Embora veja as notícias no site do JN, a portuense garante que “o papel é diferente”. Por isso, sempre que entra num café ou numa pastelaria, pergunta se têm o jornal. Numa altura em que as rotinas mudaram por causa da pandemia, também os leitores tiveram de se adaptar às novas regras.

“Já não é como antigamente, porque as pessoas têm de fazer a higienização das mãos antes e depois de pegar no jornal. Mas a procura mantém-se e desde que se cumpram as regras não há problema”, explica Luís Freitas [na foto], um dos gerentes daquele estabelecimento, adiantando que “os funcionários estão sempre atentos, para assegurar que não vai haver nenhum foco de contágio”.

Tratando-se de um café, estar atento significa não só reforçar as regras de distanciamento social e etiqueta respiratória, mas estar alerta, também, para um gesto que muitos tinham como rotina. Luís Freitas explica: “Havia quem tivesse o tique de levar o dedo à boca para folhear as páginas. Agora não pode ser”.

“Já tinha saudades de ler o jornal no café”

Na passada segunda-feira, Manuel Veiga Peixoto voltou a comprar o JN para o colocar à disposição dos clientes do seu café, no Centro Comercial Lafayette, em Braga. Acedeu ao pedido de vários frequentadores do espaço, que começam a retomar os hábitos que tinham antes da pandemia da covid-19. É o caso de Valdemar Castro [na foto] , 90 anos, que diz: “Já tinha saudades de ler o jornal no café”.

“O papel não traz doença”, afirma o bracarense, que passa cerca de duas horas diárias a ler as notícias. Ele e outros clientes ansiavam que Manuel Peixoto voltasse a trazer o JN e uma publicação regional para as mesas do estabelecimento.

“Eu sou o primeiro leitor, depois deixo os jornais disponíveis para os outros”, conta o proprietário, sublinhando que passou a ir ao quiosque comprar os títulos, “desde que disseram na televisão que não era contagioso”.

“Tenho desinfetante à porta e as pessoas são muito cuidadosas”, nota Manuel Peixoto, confessando que tem menos clientes, desde que reabriu portas, mas ainda há quem pare no café Veiga “só para ler o “Notícias””. “Há 30 anos que tenho o jornal no café. Só deixei de comprar estes três meses em que estive fechado”, conta.

“Quem vem cá, lê sem receios”

Desde que o café onde trabalha reabriu, depois do confinamento, Vítor Lima tem reparado que os clientes voltaram a ler o jornal. “Estão a regressar aos poucos e comentam que sentiam saudades de passarem aqui um tempo a ler.

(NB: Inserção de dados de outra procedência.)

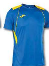
709 ROYAL/ YELLOW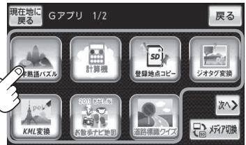
(例) Gアプリ一覧画面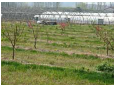
Floraison des pêchers, 2 avril 2012

A près une préparation du sol en avril 2010 par le travail mécanique successif de trois outils et un gros apport de matière organique, nous avons semencé avec un couvert végétal (la phacélie*) qui a donné une belle parcelle fleurie violette. Nous lui avons laissé faire son cycle complet jusqu'à ce que la plante sèche sur place. A l'automne, le sol a été repris mécaniquement, amendé de nouveau avant le buttage des lignes. Les arbres furent rabattus à la plantation à 40cm au-dessus du point de greffe en janvier 2011.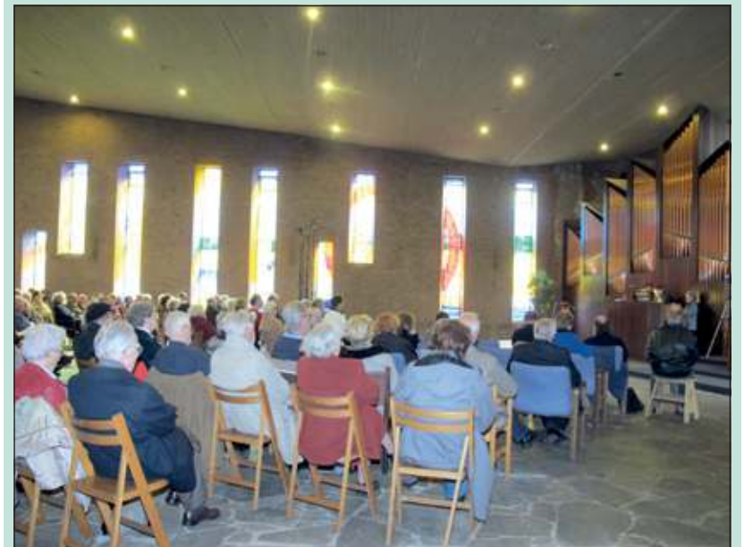
Voor veel mensen was het behalve een afscheid van een markante kerk ook een laatste kans om te horen hoe mooi de akoestiek is voor orgelconcerten. Gelukkig krijgt het binnenwerk van het orgel een nieuwe plek in de Grote Kerk in Oss.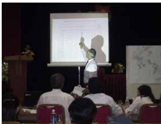
Gặp gỡ, thảo luận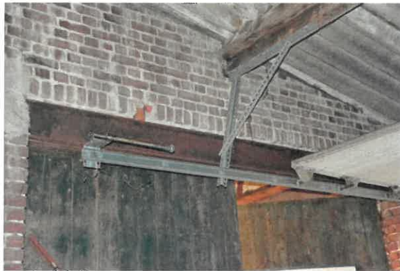
Detail deeldeuren met stalen latei.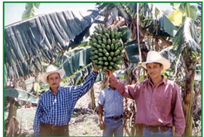
Pequeños productores hondureños y de otros países encuentran en los híbridos de banano y plátano de la FHIA, una fuente de nutrientes para contribuir a la seguridad alimentaria.

En 1998 se reportó que en Cuba se tenían cultivadas unas 8,000 hectáreas con los híbridos de la FHIA, esa cantidad se había incrementado en 1999 a 9,116 hectáreas y actualmente se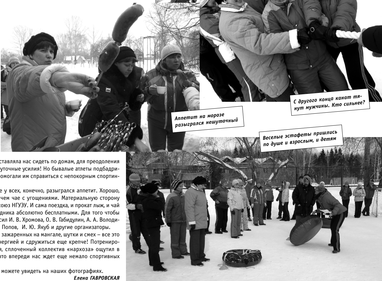
Аппетит на морозе разыгрался нешуточный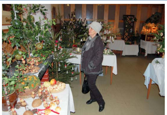
V salonku restaurace U Chýlků v Hrabůvce se koncem listopadu konala tradiční výstava Kouzlo Vánoc. Připravily ji ostravské zahrádkářky a návštěvníci mohli vidět ozdoby z přírodních materiálů i moderní vazby, adventní věnce nebo betlémy zhotovené z těsta, perníčky a další předměty, které se váží k období adventu.

o to, aby vymizelo parkování vozidel, které je v rozporu s příslušnými ustanoveními silničního zákona,“ dodal Planka. Celá studie je umístěna na webových stránkách obvodu při rozkliknutí odkazu www.ovajih.cz/doprava . Jedním z řešení parkování pro obyvatele je individuální výstavba parkovacích míst. Na uvedeném odkazu je také mapa, ze které se občané mohou dozvědět, zda právě v jejich okolí jsou k dispozici místa pro výstavbu stán. „Je možné, že některá místa mohla být opomenuta, o všem je možné jednat,“ uvedl místostarosta Planka. (kut)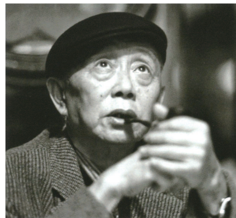
■ 黄永玉 (美术家)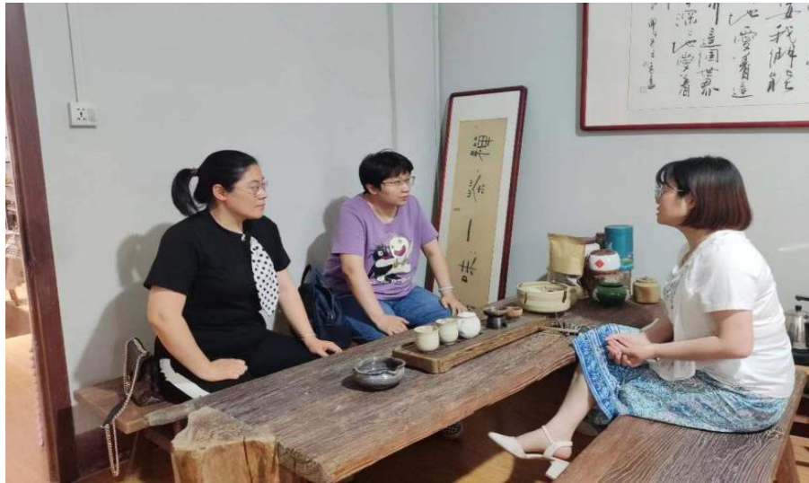
图5 工艺美术专业教师赴企业沟通课程建设方案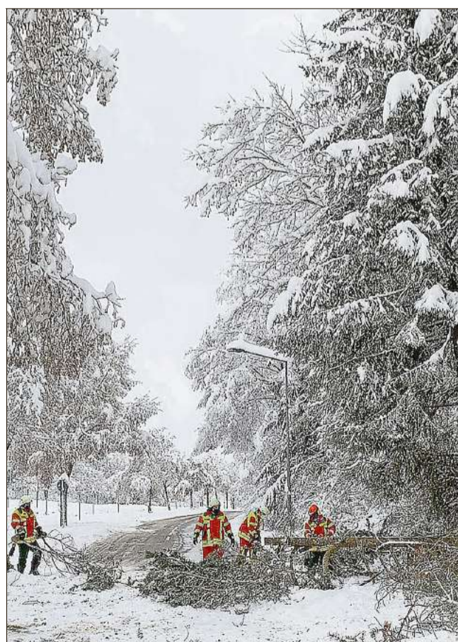
Viele Bäume brechen unter der Schneelast zusammen. Die Feuerwehr beseitigt die Gefahr.

Muitos fazem-no enquanto esperam por alguém que está numa consulta médica, explica o funcionário do estabelecimento a poucos metros das Torres de Lisboa, onde funciona um hospital. Nuno Ambrósio [na foto], dono do café, acrescenta que ainda há poucos clientes, mas “quem vem cá, lê os jornais sem receios”.

Não é o caso de Jorge Guimarães, 65 anos, que utiliza luvas durante a leitura por precaução. “Temos de ter mais cuidados. Há muitas pessoas a mexer nos jornais, mas não deixo de vir e ler, claro”, explica o morador em Benfica há mais de 40 anos. O cliente habitual do café Zêzere passa por ali a manhã e os jornais diários são a sua companhia matinal.

Em geral, em Lisboa – onde apenas alguns estabelecimentos situados nas zonas mais turísticas não abriram, ou os que o fizeram estão a sentir muitas dificuldades na retoma – , os cafés voltaram a ter jornais , até porque, reconhecem os proprietários, são “um chamariz”.